安倍首相が「一億総活躍社会を目指す」と宣言したのは、2015年9月の記者会見であった。
自民党総裁戦で無投票再選された会見で、「アベノミクスは第2ステージに移る」として、「一億総活躍プラン」の中身を「新3本の矢」に差し替えた。
アベノミクスの最初の3本の矢は、「超金融緩和によるダフレ脱却」であるが、3年たっても【ダフレからに離脱は見通しがたたず、経済の好循環は起こらない。

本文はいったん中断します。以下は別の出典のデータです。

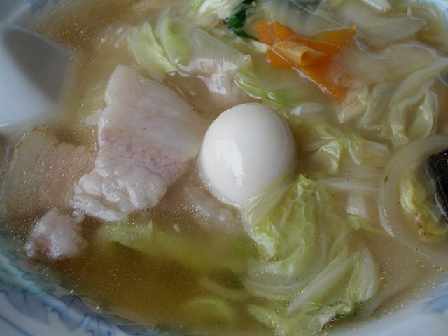 炒めた肉や野菜の具をのせた塩味のラーメンです。

】
景気テコ入れの公共工事のバラマキ政策は「工事費の高騰を招き」、全国での工事の遅れ、特に【東北地方の津波災害からの復興にブレーキ】をかけてしまった。
第3の矢の「経済成長戦略」は、未だに姿が見えず、研究段階にとどまる。
安倍内閣の2年9か月の成果は、お粗末の一言につきるが、野党のバラバラ状態に助けられて、内閣支持率は無風状態で維持している。
しかし、このまま「経済の好循環を期待」しているだけでは、国民から見放されるのは時間の問題である。

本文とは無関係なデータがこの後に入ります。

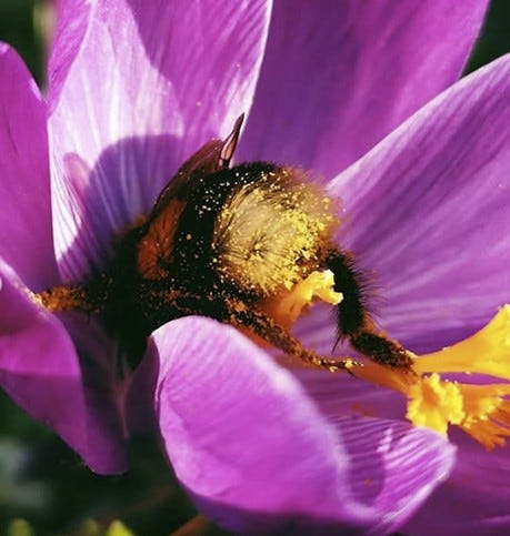 Flowers provide a cozy, enclosed space that traps heat, helping the bee maintain its body temperature (since bees can’t fly if they get too cold).

そこで、国民の誰もが期待する政策目標を広く集めて、それを「威勢の良いスローガン」に仕立てる事で、マインドの向上を図ろうとの作戦である。
野党が全く取り上げてこなかった「少子化対策」を前面に掲げて、「50年後の一億人の日本人口」を目標にしようと、高々と掲げた。
50年後の人口が8600万人に減ってしまうのを「少子化対策」を打ち出して挑戦しようというのである。
「アベノミクスの失敗」を表に出さずに、第2ステージに移るとの言い方も、安倍内閣ならではの「イメージコントロール作戦」の一環である。
「名目GDP目標600兆円」をかかげるなど、国民の目を幻惑する術を心得ている。
現在の500兆円のGDPを、毎年3%名目成長率を達成することで、2020年代の初めには達成できる計算だ。
経済界からは、ありえない数値目標だとの非難が多いが、物価上昇率目標が2%になれば、実質経済成長率は1%程度で実現可能になる。
現実的には、物価上昇率目標2%は黒田日銀総裁の公約であるが、2017年の後半以降に実現すると、粘り腰を見せている。
では、物価上昇率2%、経済成長率1%以上を継続的に実現できる「具体的政策」は何があるのだろうか。
それは、「積極的に人への投資」政策であり、今までの視野に入れなかった「働く人への給与配分を大幅に増加」させる政策である。
謳い文句としては「同一労働同一賃金」を言い出して、「一億総活躍プラン」で実行政策をうちだす姿勢でいる。
正社員よりも4割も実質賃金が低い「非正規雇用社員」の給与を政府の介入で「強制的に引き上げる制度」を実現すれば、企業の人件費負担が増加する。